ISLAMABAD: The Federal Board of Revenue (FBR) has decided to establish Inland Revenue Enforcement Network (IREN) checkpoints to provide foolproof monitoring of exit points from tax-free areas, i.e. – say the former tribal areas under federal administration (Fata) and the tribal areas under provincial administration. Zones (Pata) to taxable territories.
In this regard, the FBR issued Circular No.3 of 2021 (Operations), here on Tuesday.

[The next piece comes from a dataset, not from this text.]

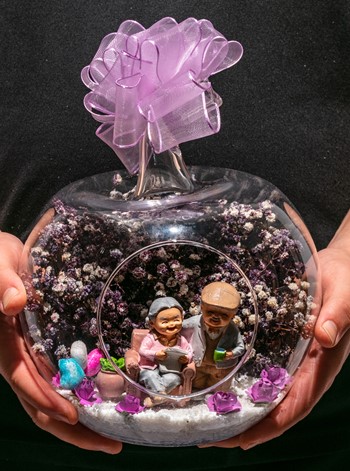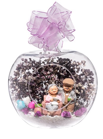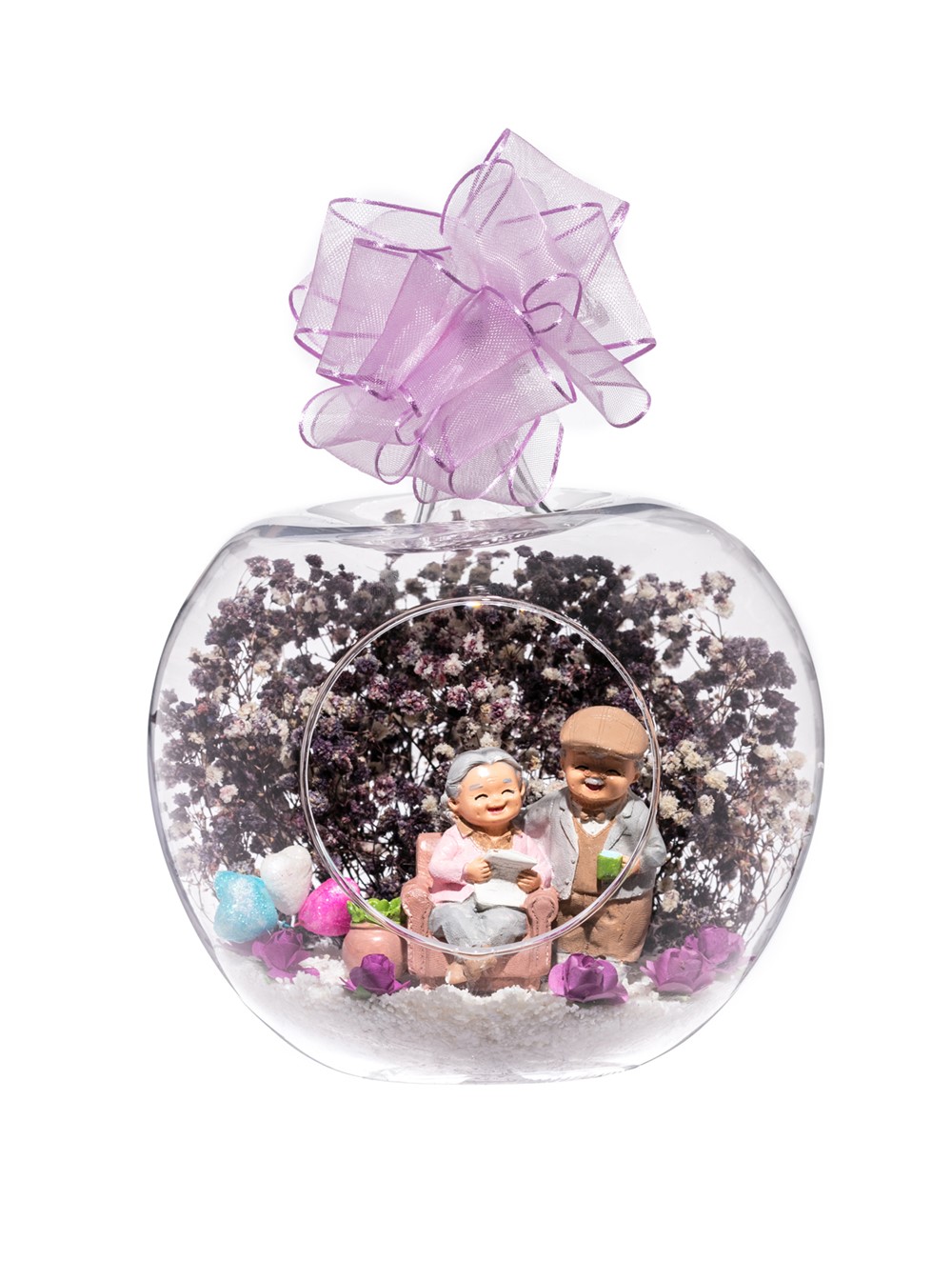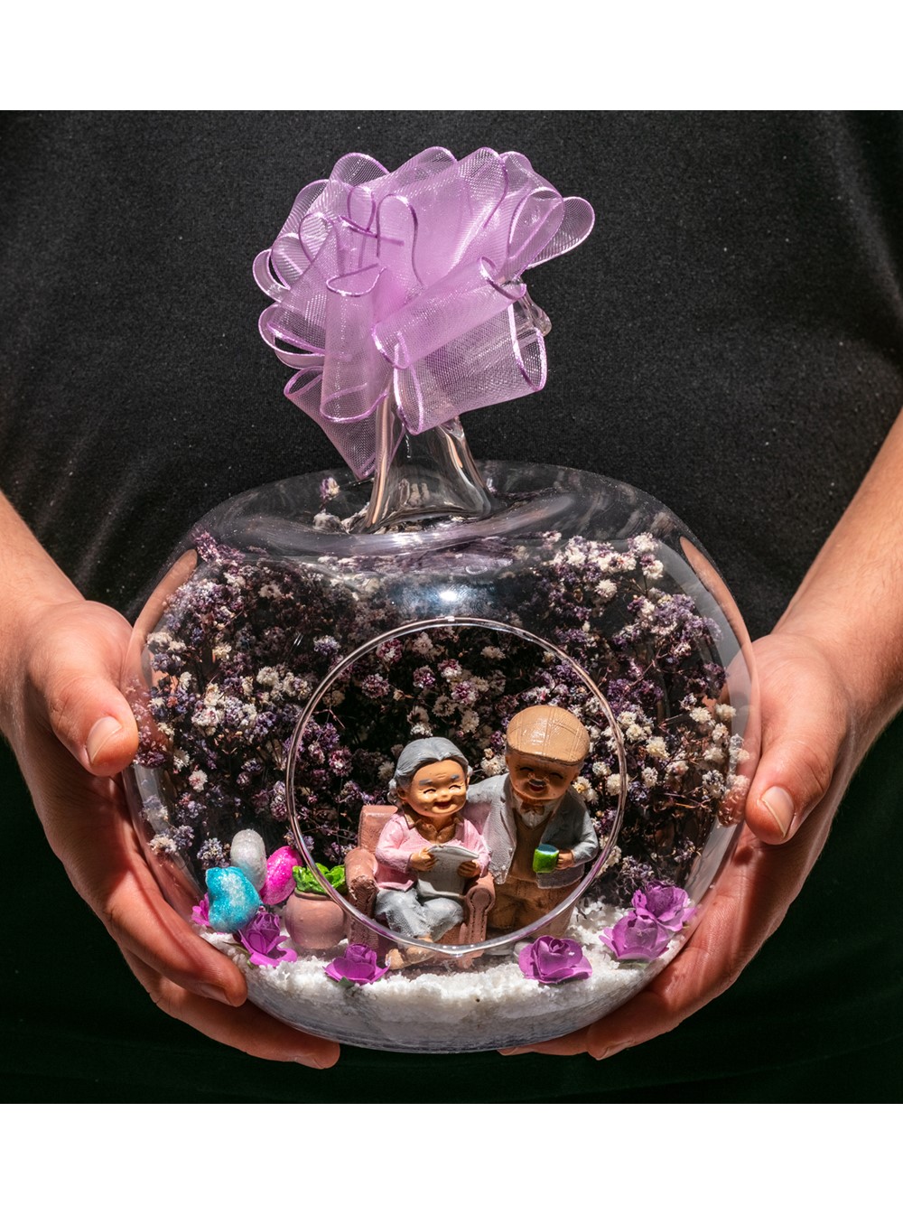 Küçük boy elma cam fanus içerisinde tasarladığımız bu kurdeleli teraryum; beyaz kum, yapay mini güller, renkli simli kalpler, kurutulmuş bitkilerle beraber bir adet yaşlı çifti simgeleyen objeyle tamamlanmıştır. Ev ve ofis ortamlarının tamamında sergilenebilir teraryumun içinde, kurutulmuş bitkiler bulunduğundan hava alması önemlidir. Açık olan kısmının kapatılmaması veya büfe vb. kapalı alanlara konulmaması gereklidir. Özellikle her ortamda, zevkle izlenebilecek çok özel bir teraryumdur. Yaklaşık Ölçüleri: 20x20cm NOT: Teraryumlarda kullanılan camlar, üfleme cam işçiliğiyle üretildiğinden bazı detaylarda farklılıklar gözlenebilir. Örneğin, sap kısmı ve ağız bitiş noktalarının her biri kendine özgüdür.

According to the procedure, a number of important amendments were introduced via the Finance Law of 2021, in the Sales Tax Law of 1990 (STA, 1990) applicable to various industries located in the former regions of Fata / Pata .
The most significant change brought about by the 2021 finance law concerns the new entry No. 74 added in the 8th annex to the 1990 STA, to levy a sales tax of 16 percent on all “Goods supplied by zones of old Fata / Pata to taxable areas. ”
Fata / Pata tax-exempt zones: 16 pc of GST levied on goods delivered to taxable zones
As a result, a person domiciled in Fata / Pata having the status of “active taxpayer” under Article 2 (1) of the STA, 1990, would continue to import raw materials for consumption at their own manufacturing site against deposit. post-dated checks (PDC) based on its determined installed production capacity.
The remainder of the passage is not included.